[RECORDS FOR THIS TASK Boundary: Start]
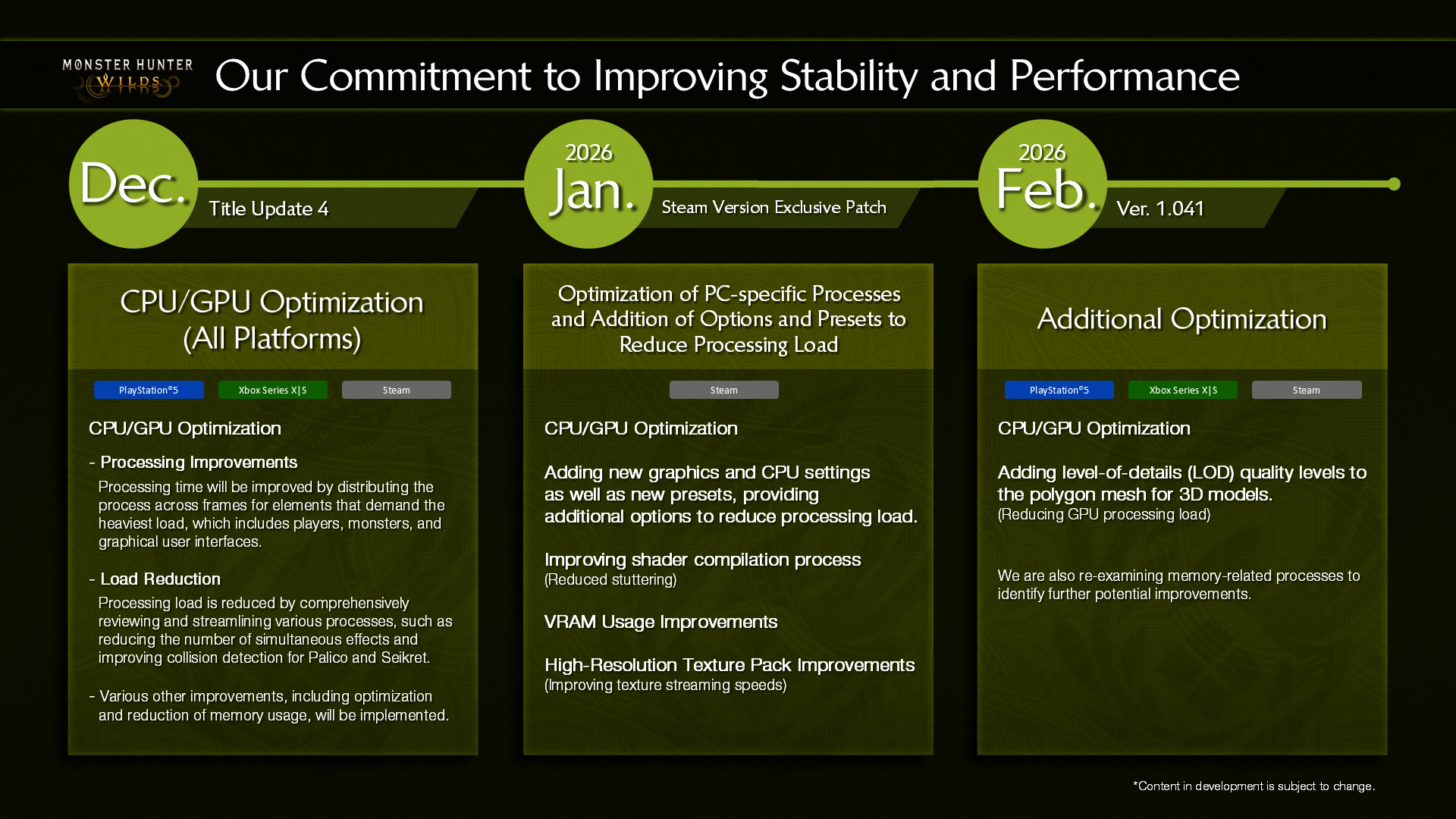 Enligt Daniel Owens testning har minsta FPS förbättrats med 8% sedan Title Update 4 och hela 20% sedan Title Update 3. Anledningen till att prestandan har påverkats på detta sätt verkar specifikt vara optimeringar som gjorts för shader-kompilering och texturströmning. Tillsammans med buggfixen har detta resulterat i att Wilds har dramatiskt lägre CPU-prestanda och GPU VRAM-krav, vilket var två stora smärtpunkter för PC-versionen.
[RECORDS FOR THIS TASK Boundary: End]
[RECORDS FOR THIS TASK Boundary: Start]
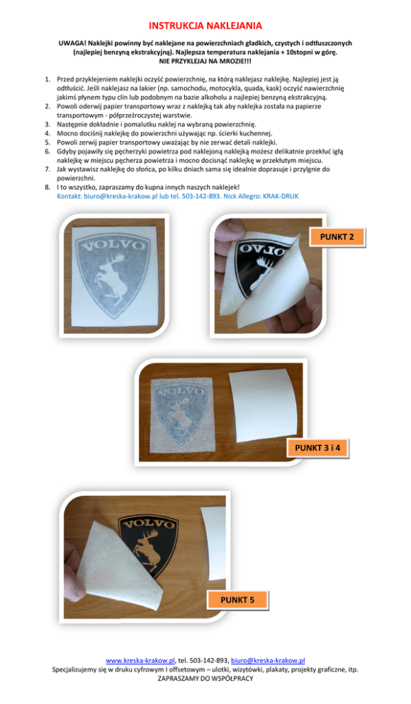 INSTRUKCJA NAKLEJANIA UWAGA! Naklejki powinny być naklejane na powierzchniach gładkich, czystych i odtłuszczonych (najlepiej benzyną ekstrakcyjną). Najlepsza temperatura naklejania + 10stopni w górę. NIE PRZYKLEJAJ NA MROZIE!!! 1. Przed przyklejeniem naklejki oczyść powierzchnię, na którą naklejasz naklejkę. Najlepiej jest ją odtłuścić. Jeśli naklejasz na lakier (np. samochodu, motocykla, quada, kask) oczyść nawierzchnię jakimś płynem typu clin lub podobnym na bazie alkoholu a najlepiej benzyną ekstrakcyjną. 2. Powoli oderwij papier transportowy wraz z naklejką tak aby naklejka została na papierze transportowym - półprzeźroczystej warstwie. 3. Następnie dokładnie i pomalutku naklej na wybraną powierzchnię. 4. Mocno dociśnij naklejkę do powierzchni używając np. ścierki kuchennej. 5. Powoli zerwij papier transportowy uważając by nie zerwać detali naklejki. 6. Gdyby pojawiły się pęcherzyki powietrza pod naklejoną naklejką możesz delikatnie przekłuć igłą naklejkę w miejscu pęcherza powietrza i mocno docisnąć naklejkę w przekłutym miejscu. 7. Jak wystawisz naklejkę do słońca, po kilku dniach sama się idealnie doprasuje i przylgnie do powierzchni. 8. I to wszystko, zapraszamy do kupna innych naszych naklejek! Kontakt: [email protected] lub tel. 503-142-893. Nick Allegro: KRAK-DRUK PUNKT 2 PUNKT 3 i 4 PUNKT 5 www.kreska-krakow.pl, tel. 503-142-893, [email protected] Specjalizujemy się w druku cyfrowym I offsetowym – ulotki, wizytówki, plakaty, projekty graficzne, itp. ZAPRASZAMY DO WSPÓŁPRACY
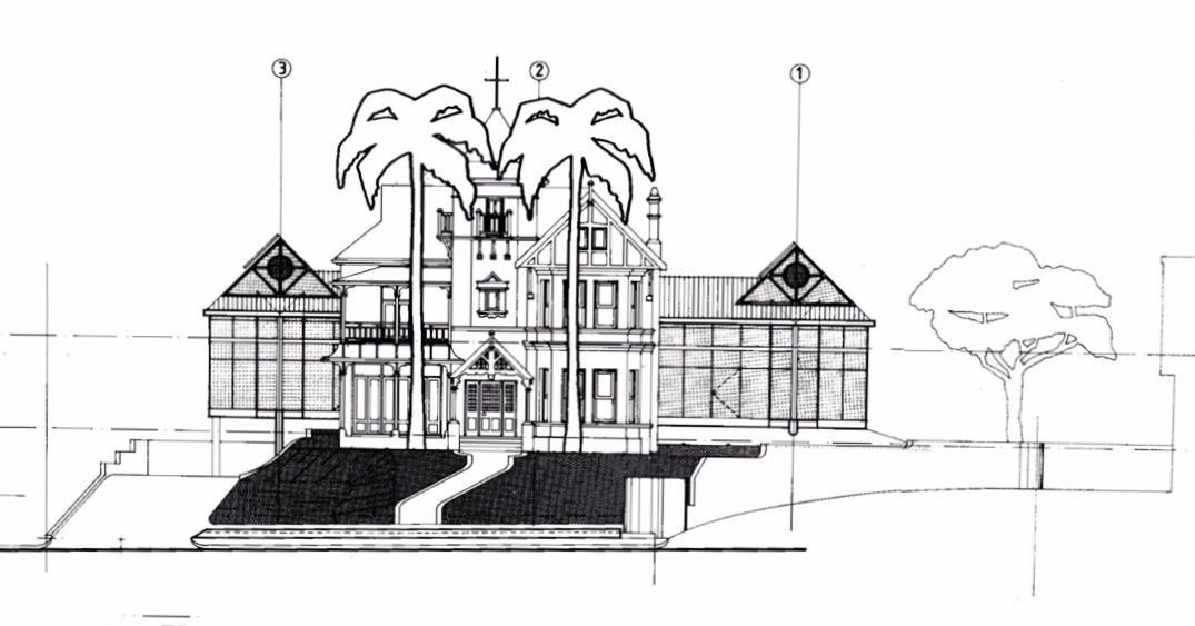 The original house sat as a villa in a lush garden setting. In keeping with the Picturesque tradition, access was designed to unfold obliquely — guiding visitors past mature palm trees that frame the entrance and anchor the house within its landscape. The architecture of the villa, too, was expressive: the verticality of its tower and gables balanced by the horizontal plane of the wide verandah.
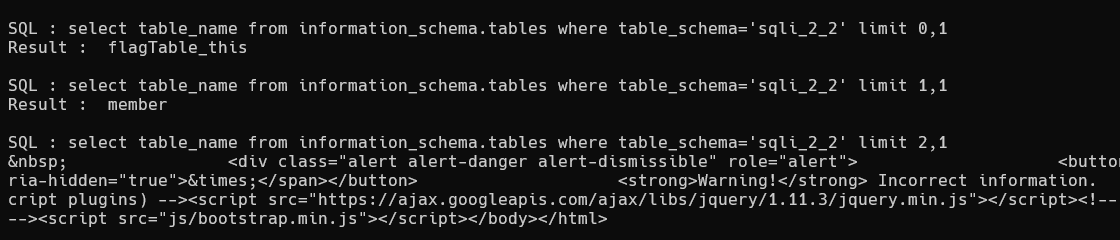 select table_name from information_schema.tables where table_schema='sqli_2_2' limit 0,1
[RECORDS FOR THIS TASK Boundary: End]
[RECORDS FOR THIS TASK Boundary: Start]
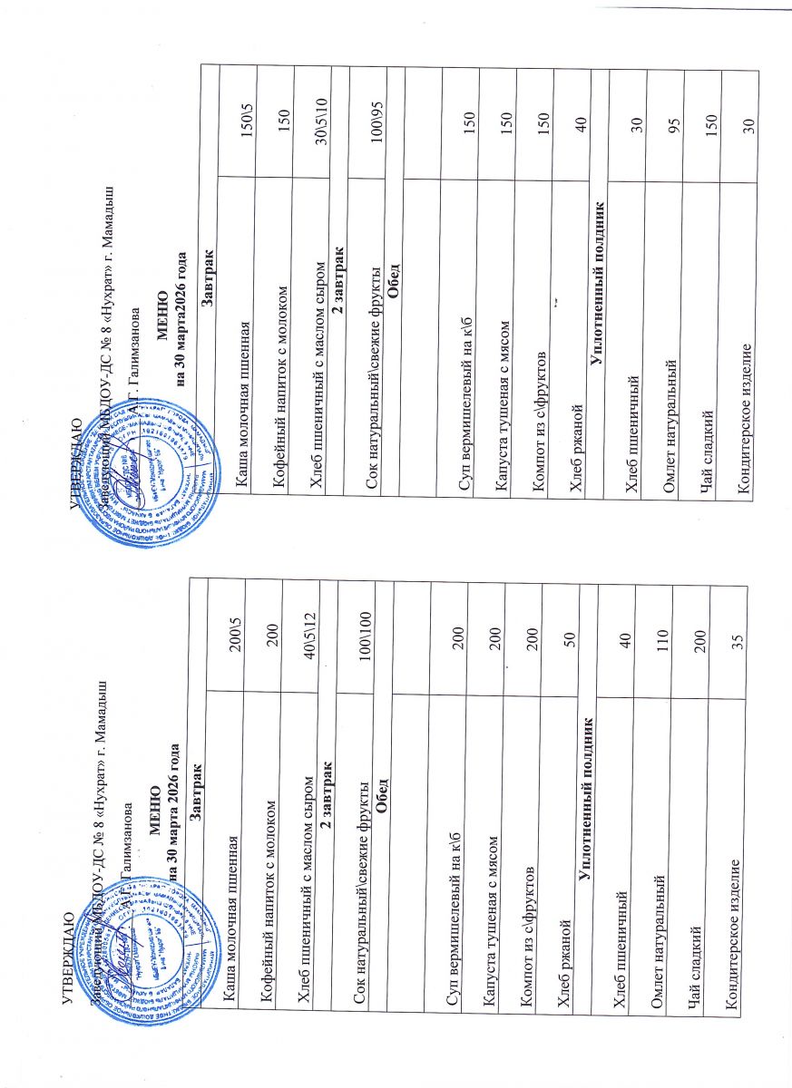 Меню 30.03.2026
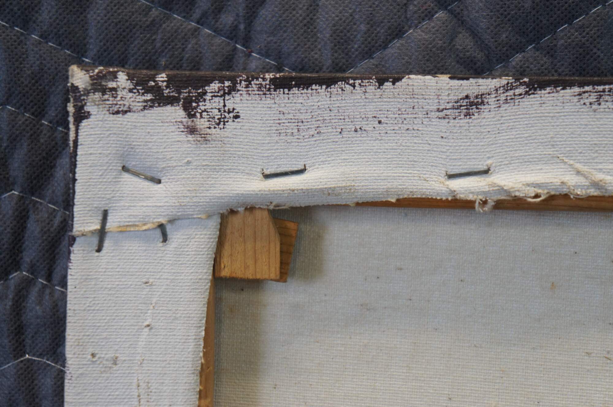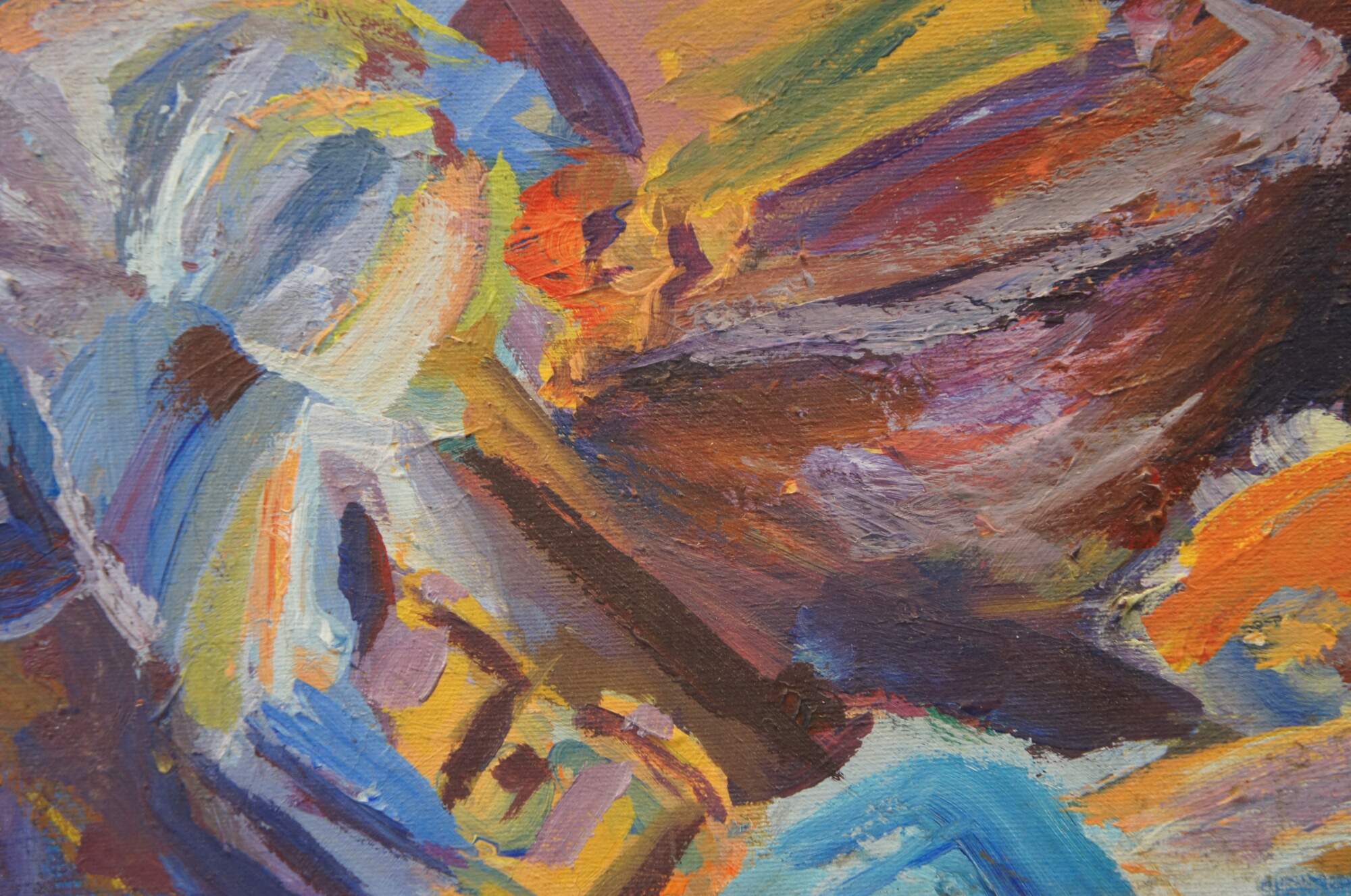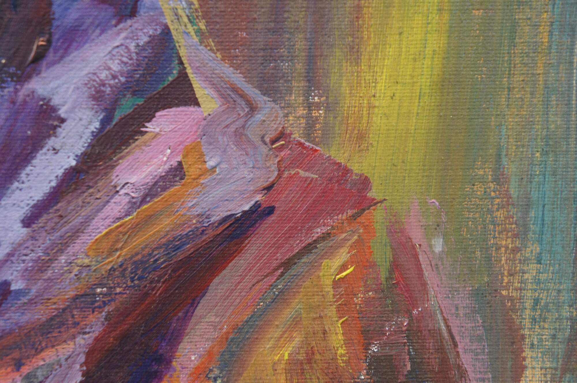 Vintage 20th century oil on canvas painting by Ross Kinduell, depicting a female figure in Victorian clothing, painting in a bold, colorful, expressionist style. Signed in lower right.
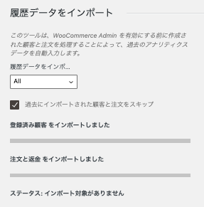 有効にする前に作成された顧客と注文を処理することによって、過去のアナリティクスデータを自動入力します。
[RECORDS FOR THIS TASK Boundary: End]
Look above for the line with "Меню 30.03.2026" and the line with "有効にする前に作成された顧客", then copy exactly the lines from the first through the second, both kept, with no pictures.

_EXERCISE OUTPUT_.
 Меню 30.03.2026
 Vintage 20th century oil on canvas painting by Ross Kinduell, depicting a female figure in Victorian clothing, painting in a bold, colorful, expressionist style. Signed in lower right.
 有効にする前に作成された顧客と注文を処理することによって、過去のアナリティクスデータを自動入力します。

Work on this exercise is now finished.